Converting your patients to retail customers must be considered a critical part of the customer journey. As part of your service experience, they will walk away with the perfect pair of spectacles to meet their needs and price point. In return, your office and business benefits: frame sales can easily be a third of your revenue!

Visual Merchandising

Making the conversion from patient to retail customer can be made much easier with visual merchandising. Visual merchandising is the practice of developing floor plans and three-dimensional displays to maximize sales. If done right, it empowers your customers to do most of the pre-sell process without assistance from an associate or sales team member.

The power of visual design and appeal applies to countless industries. In web and graphic design, the presentation of text is an essential part of success. Providing structure and hierarchy can draw a reader in—or shut them out. For instance, take the following words. Our team brainstormed our values and created a brand manifesto:

But it wasn’t until we put design behind the words that they truly started reflecting our brand and the way we felt about our work.
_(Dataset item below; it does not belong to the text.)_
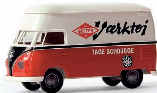
v 32606 VW T1b Großraumkasten „Belzer“ aus DK

The same visual inspiration applies to merchandising

When a customer looks at rows and rows of lenses and products, it does not draw the shopper in. The “massing” of products becomes overwhelming. In addition, the physical space must be clear and provide an easy approach to the merchandise. For instance, chairs, desks, or signage that block access to a display will reduces its “shop-ability.” With bulked products and limited access, the client is not engaged in a story with the products or store. Their experience becomes cluttered and frustrating, and the story falls flat. And don’t forget: stories sell.

Capturing Initial Visual Interest

One quick tip for attracting customers: use your brand visuals to engage. Brand graphics give visual focus to draw customers in. Product display should include an intentional hierarchy. A variety in product placement highlights frame features and gives visual relief, rhythm, and negative space. Window displays at the storefront set the theme for the customers visit. What does your customer want? Great offers? A trendy style? Pumpkin Spice Lattes? Mix it up to provide interest and appeal, and they will want to walk in the door.

Attraction, using your storefront to drive traffic

The story presented by Sunglasses Hut begins with a large, eye-catching visual. That story is reinforced with a featured product offering. Because frames are small products, they can be enhanced by pairing them with a sleek fixture. As a customer walks through the door, the story is reinforced with a larger assortment. This experience can be repeated, altered, and reinvented throughout the year.